Each of the three fundamental flaws—poor clearing, dimensional error and color variance—is caused by the variable resistance of the screen mesh and single axis squeegee blades.  A central problem is that the mesh is most elastic in the center and least elastic around the perimeter, causing a loss of dimensional accuracy nearest the perimeter and color variance from center to edge. (All graphics courtesy the author)

Pre-cal the press
Press calibration means there are four planes on which the press needs to be parallel—the carriages, blades, screens and platens. Each carriage on each head must be parallel to the platens, often gauged by pushing a flood-bar across the platen while inspecting for light leaks or binding.

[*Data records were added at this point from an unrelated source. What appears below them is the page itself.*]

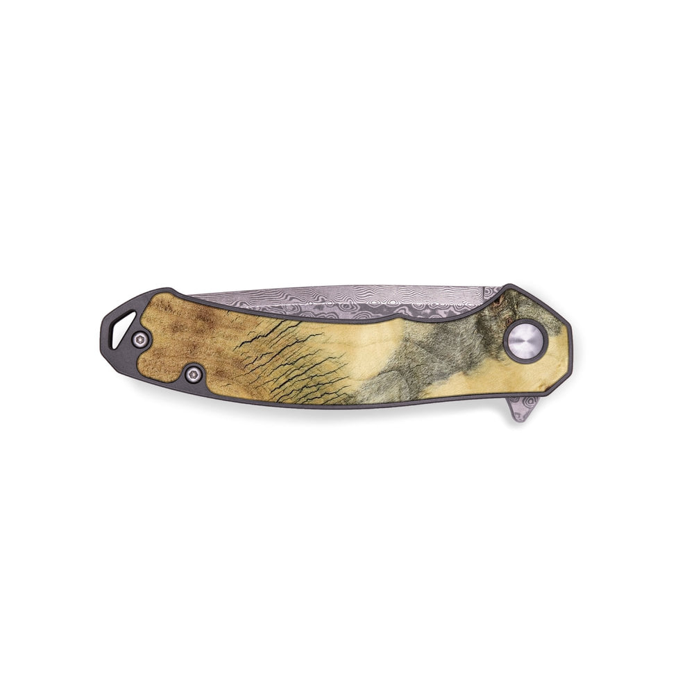 Experience the perfect blend of form and function with our durable folding pocket knife, featuring a lightweight titanium handle. The Damascus stainless steel blade is complemented by a unique wood burl and resin inlay. Imported blade and handle.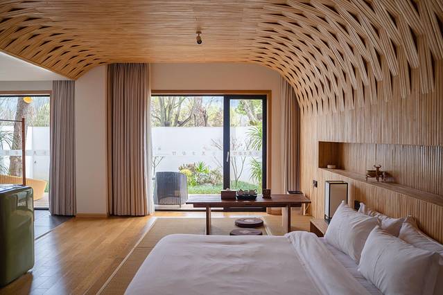 东方客馆的建筑依山而建,周围植被丰富,负氧离子含量高,在这里短住一两晚,有种避世的悠闲自在。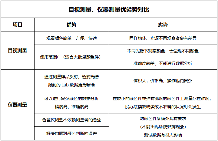 對顏色的判定一般有兩種方式,一種是目視,另一種是通過儀器測量,這兩種方法都是最為常見的測試方法,也有著不一樣的優(yōu)勢與劣勢。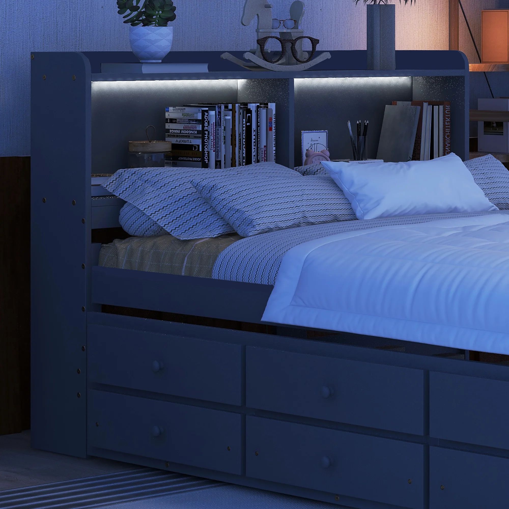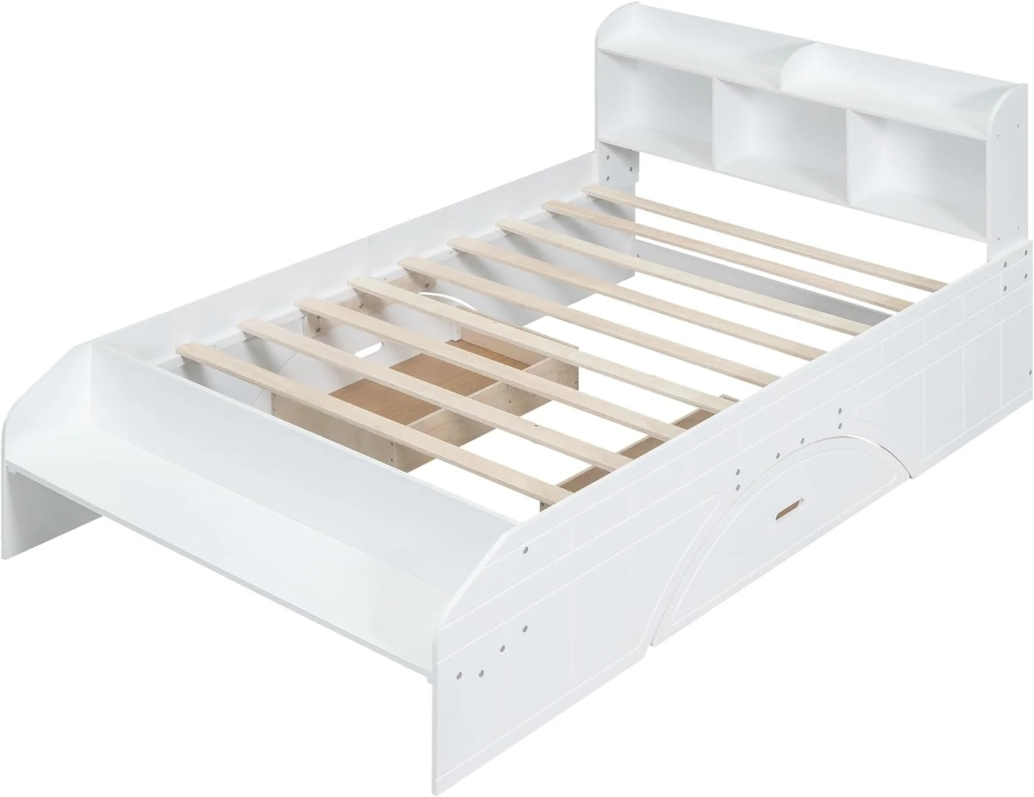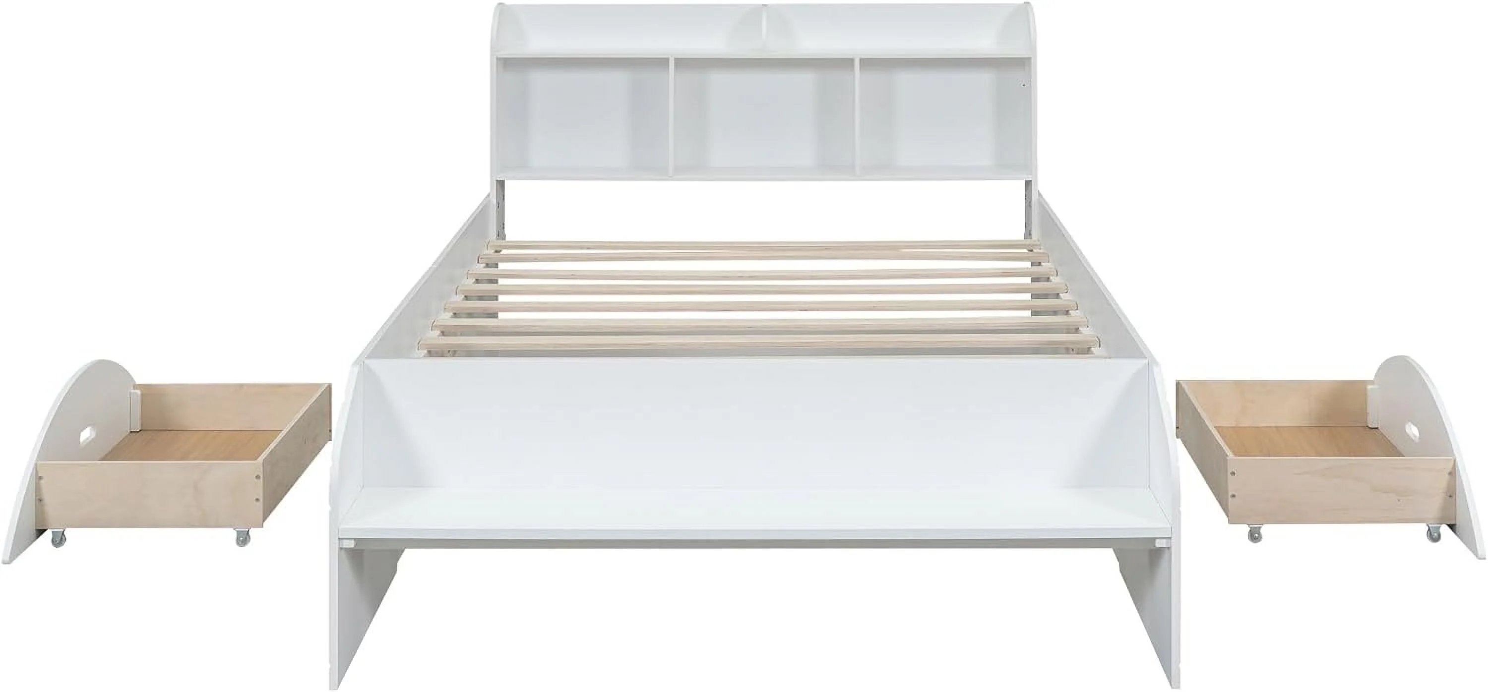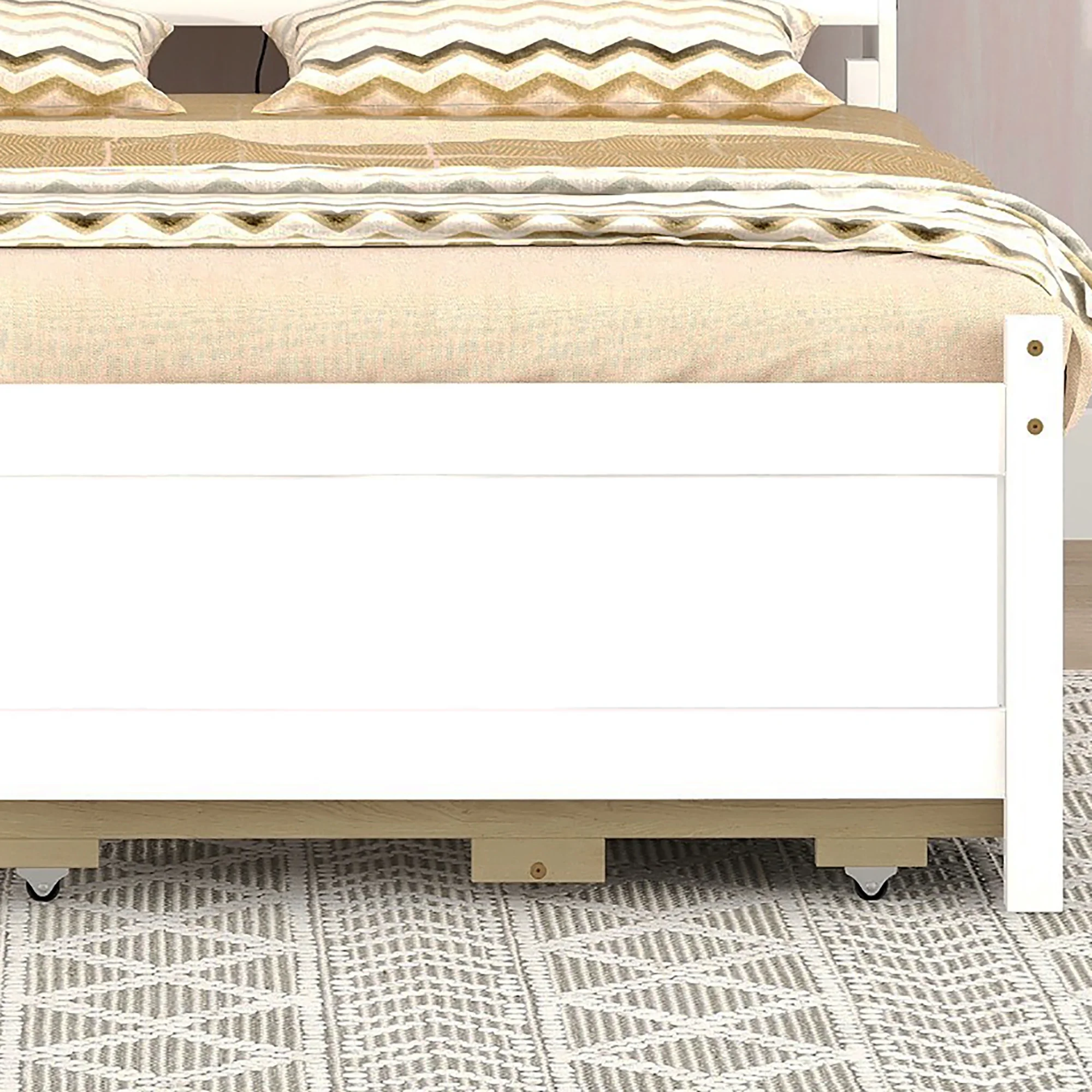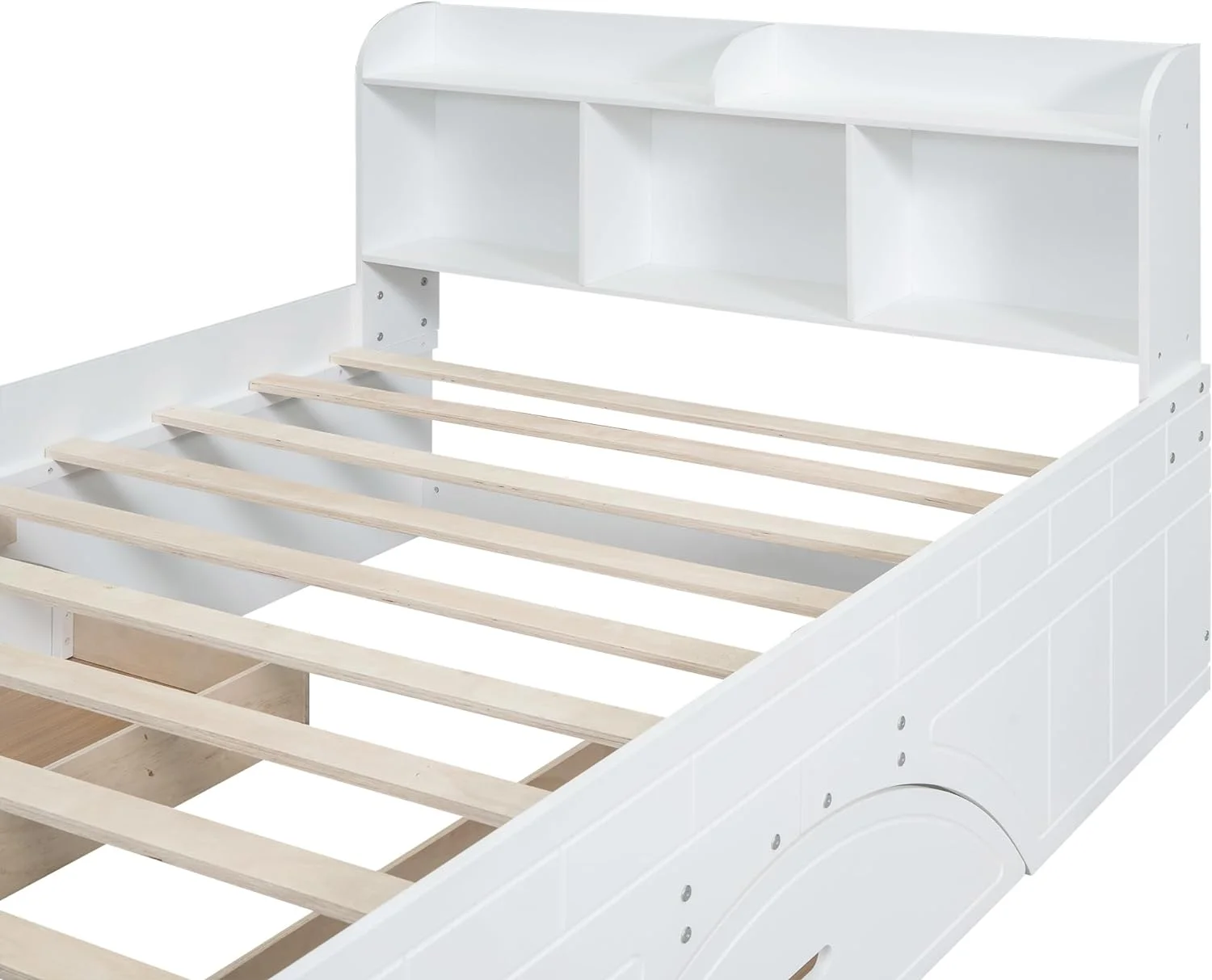 Full Size Bed with USB & Type-C Ports, Bookcase Headboard, Trundle & 3 Drawers, LED Light Strip, Easy Assembly,White

Each blade should apply consistent pressure side-to-side on all platens as based on a feeler gauge between blade and bed. Finally, each screen should be parallel to each of the platens at all points of the image area.

Even if only for the calibration process, it’s recommended to use a variable-hinge printing blade. Traditional blades buckle and force the operator to use excessive pressure, creating a few problems in turn—excessive pressure is required to make up for the excess angle; the ink transfers before the edge of the blade arrives to make a seal; the speed must be slowed, preventing matte down and leaving a very rough print surface; and these blades drag the mesh in the stroke direction causing shape-distortion that cannot be “put into register.” In addition, traditional (single-axis) blades tend to rip screens as they are insensitive to the elasticity of the mesh. Bi-axial blades accommodate the resistance-differential of the mesh even when printing close to the edge in the case of oversized-images.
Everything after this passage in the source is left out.